Posted on: Wednesday, 30 March 2005, 06:00 CST

IT'S THE clash of the titans this month - the two biggest planets in the solar system, Jupiter and Saturn, are both brilliantly on view in the night sky.

People often ask us if it's possible to see these planets, but in April there's no getting away from them. They're the brightest objects on view, and the key to recognising them is that they don't twinkle like stars.

Jupiter is particularly bright this month. On 3 April it's at "opposition" - meaning that it's opposite the Sun in the sky, and at its closest to the Earth. "Close" is a relative term, however - the planet is still more than 600 million kilometres (373 million miles) away. But Jupiter is so vast - at 143,000 kilometres (88,860 miles) in diameter, it could contain 1,300 Earths - and as it's made almost entirely of gas, it's very efficient at reflecting sunlight.

Although Jupiter is so huge, it spins faster than any other planet in the solar system. It rotates every nine hours 55 minutes, and as a result its equator bulges outwards - through a small telescope, it looks a bit like a tangerine crossed with an old- fashioned humbug. The humbug stripes are cloud belts of ammonia and methane stretched out by the planet's dizzy spin. You can actually watch the cloud formations changing minute by minute.

Space missions to Jupiter have revealed how active the planet is. It has a fearsome magnetic field that no astronaut would survive; huge eruptions of lightning; and it radiates more energy than it receives from the Sun. Its core is so squashed by Jupiter's mighty bulk that it simmers at a temperature of 20,000C.

In some ways, Jupiter has a lot in common with a star. It commands its own "mini-solar system" - a family of some 60 moons. The four biggest are visible with good binoculars, and even - to the really sharp-sighted - to the unaided eye. We remember a 78-year- old lady at an evening class asking "what are those little dots either side of Jupiter?".

These are worlds in their own right - Ganymede is even bigger than the planet Mercury.

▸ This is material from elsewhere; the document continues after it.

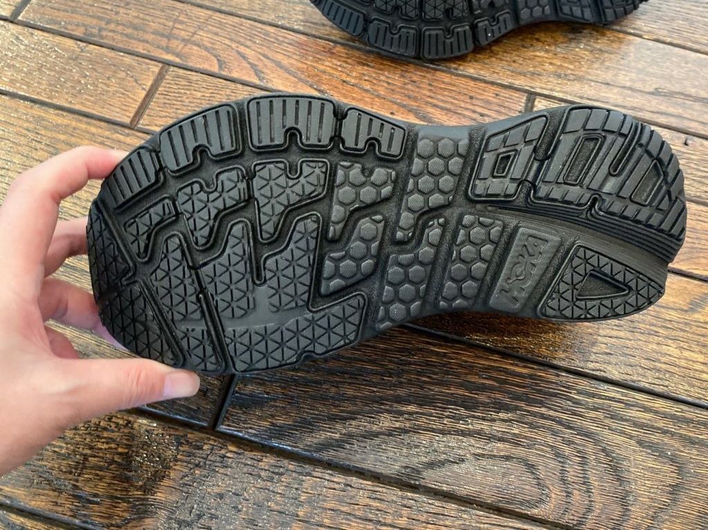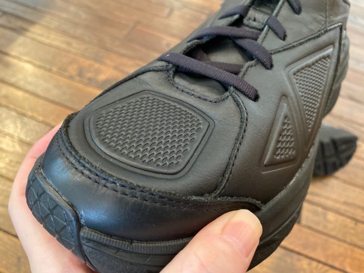 ヒールの上部にはリフレクター付きのストラップが設けられていて、オールブラックながらも夜間の視認性を高めています。
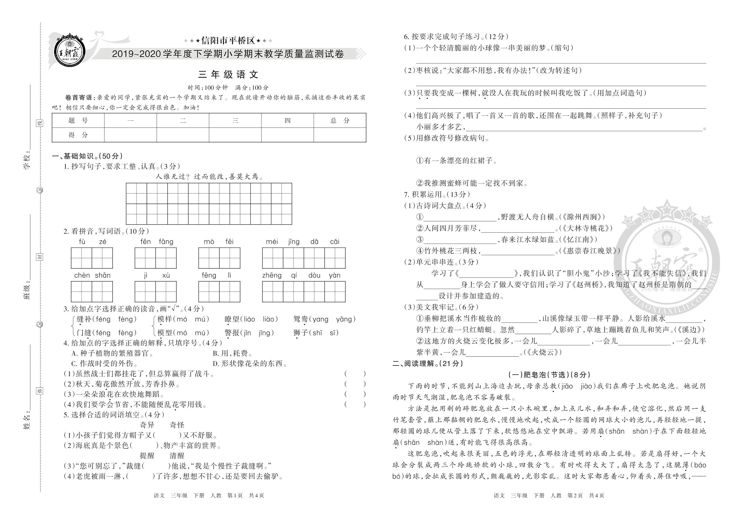 信阳市平桥区2019-2020学年度下学期小学期未教学质量监测试卷三年级语文(人教版)

But the "star" has to be Io, with its incredible geysers, which erupt plumes of sulphur dioxide 300km (186 miles) into space.

Compared to Jupiter, Saturn - the next planet out - is a picture of calm.

With its serene rings, it looks quite unreal - like a model world, suspended in the blackness. Like Jupiter, Saturn is another gas-giant.

The second-biggest planet in the solar system, Saturn is so insubstantial that, were you to put it in a vast cosmic ocean, it would float. Its glorious rings are believed to be quite recent. They're made of billions of chunks of ice - the remains of a moon which came too close and paid the penalty by being torn apart.

Saturn, like its bigger neighbour, also has a large family of moons - more than 30 at the last count. At this distance from the Sun, the moons are largely made of ice. Currently, the hugely successful Cassini probe is in orbit around Saturn, making close passes by its moons. Its most famous encounter was with Titan, where it released the European Huygens probe - which sent back the astonishing images of the clouded moon's surface.

What's up?

Mighty Jupiter is the most brilliant object up in the night sky this month (after the Moon). It sits in the

Y-shaped star-pattern of Virgo (the virgin), with the constellation's brightest star, Spica, to Jupiter's lower left.

To the upper right of Jupiter you'll find Leo (the lion), shaped like a crouching feline, with Regulus marking its heart. To the right again - over in the west - Saturn shines alongside the twin stars of Gemini, Castor and Pollux.

Around 22 April, you may spot some shooting stars diverging outwards from the constellation Lyra (the lyre). The Lyrid meteors consist of debris from a comet called Thatcher. This year, bright moonlight will drown out all but the brightest meteors.

On the other side of the world, there's a eclipse of the Sun on 8- 9 April. It starts in New Zealand as an annular eclipse, with the Moon not quite covering the Sun, but leaving a bright ring of sunlight around the Moon's silhouette. Over most of the Pacific the eclipse is total. It becomes annular again at the end of the eclipse, visible from Panama and northern Colombia.